Méconnu de la plupart des amateurs et amatrices de photographie, un biais racial, construit dans la calibration même des pellicules photographiques, existe depuis l’invention de l’impression en couleur. Pendant des décennies, le film couleur disponible sur le marché était conçu pour la peau blanche, et ce, aux dépens des personnes de couleur.
Entre les années 1940 et 1990, alors que la pellicule photo s’est graduellement popularisée et commercialisée, la compagnie Kodak a développé son propre système de calibrage de couleurs pour imprimer les films négatifs envoyés par la clientèle. Les techniciens et techniciennes de laboratoire utilisaient alors une référence appelée la Shirley Card. Sur cette dernière se trouvait une femme blanche aux cheveux bruns, tout sourire et entourée de blocs de couleur (rouge, vert, jaune et bleu) d’un côté et de blocs noirs, blancs et gris de l’autre.
Cette carte de référence permettait d’assurer la qualité des couleurs lors de l’impression. Elle tient son nom de la première femme à y figurer : Shirley Page, une employée de Kodak dans les années 1950. Nul ne pouvait imaginer à l’époque qu’elle deviendrait le standard d’une photographie calibrée avec succès en termes de lumière et de couleur. Si la compagnie a créé plusieurs autres Shirley Cards arborant différentes femmes au fil des années, une caractéristique est toujours restée la même : celle de la peau blanche.
Un biais invisible, mais omniprésent
Évidemment, les personnes blanches n’étaient pas les seules à utiliser des caméras. Toutefois, en raison du standard de calibration imposé, certaines personnes noires, hispaniques ou asiatiques paraissaient mal lors de l’impression. Ainsi, plus le sujet avait la peau foncée, moins il était visible sur la photo. Les produits chimiques qui recouvraient le film n'étaient tout simplement pas conçus pour capturer une diversité de tons autres que les teintes de blanc.

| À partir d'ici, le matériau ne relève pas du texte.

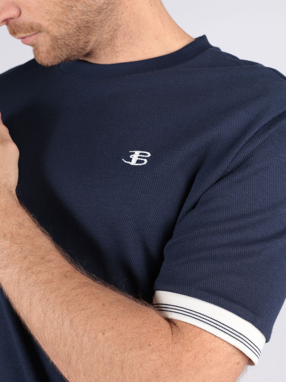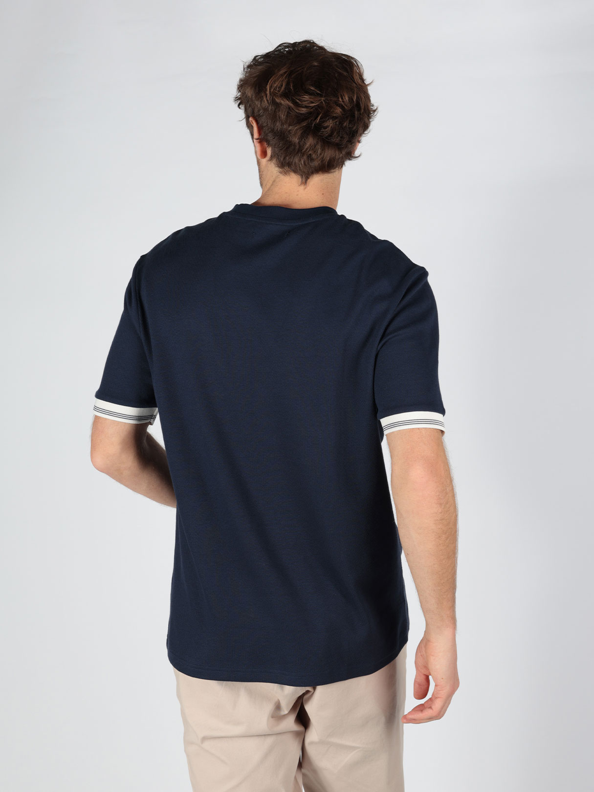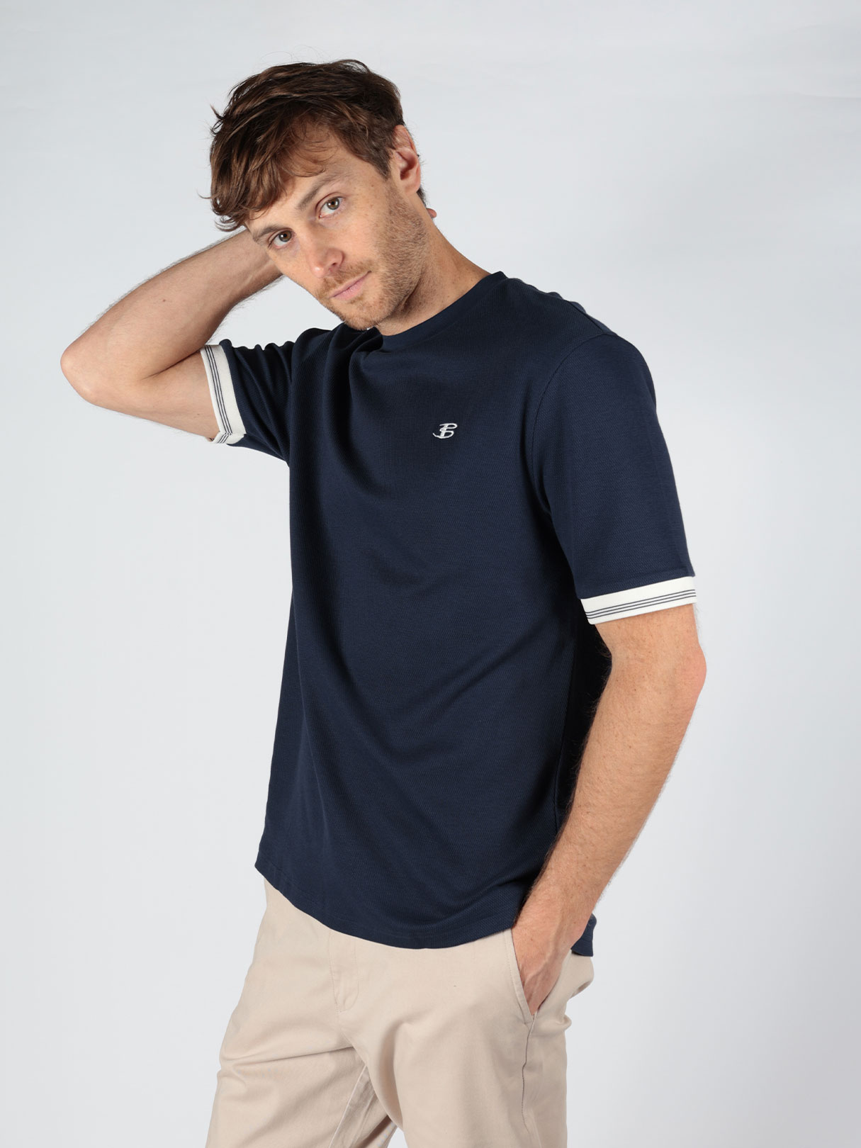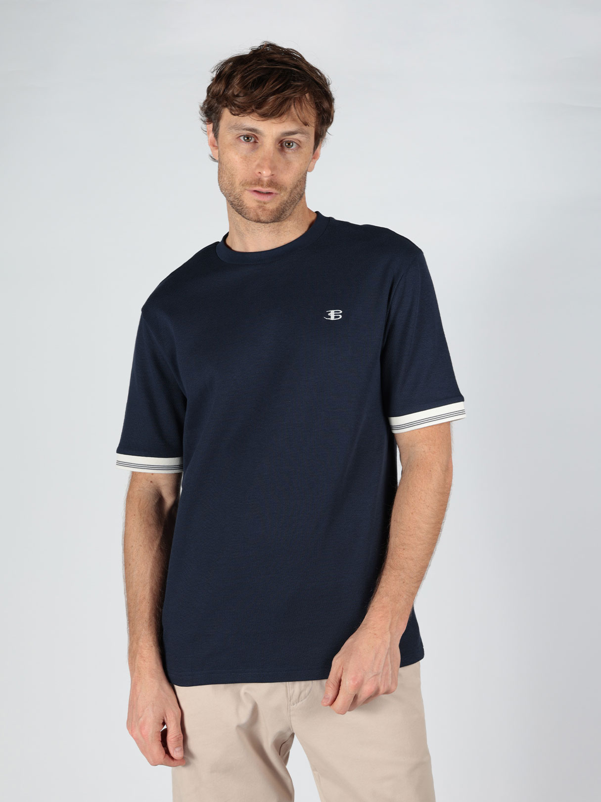 Playera de manga corta con cuello redondo confeccionada 100% en algodón. Cuenta con detalles en contraste en las mangas y un bordado con la letra B en el pecho izquierdo.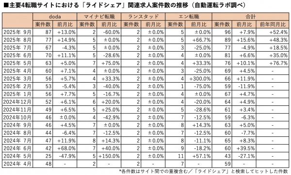 主要転職4サイトにおけるライドシェアの関連求人案件数(※「ライドシェア」と検索してヒットした求人)は2025年9月末時点で前月比7.9%増、前年同月比52.4%増の96件となりました。

Pourquoi ne pas avoir incorporé une diversité d’ethnicités sur les Shirley Cards? Principalement en raison du public cible. Entre les années 1940 et 1990, la majorité des individus faisant développer des films chez Kodak étaient des familles blanches. La compagnie renforçait ainsi des préjugés raciaux en envoyant le message qu’être Blanc était synonyme de « normalité ».
Un enjeu toujours actuel
Si la plupart des problèmes de calibration ont été corrigés avec l’arrivée de la photographie numérique, il existe toujours des biais raciaux dans le monde de la photographie. La controverse entourant la couverture du magazine Vogue avec la gymnaste Simone Biles n'est qu’un exemple parmi tant d’autres. Certains membres de la communauté afro-américaine déploraient le fait que la photographe ne soit pas qualifiée pour capturer adéquatement la peau noire, et que le magazine aurait dû engager une personne noire pour photographier la championne olympique.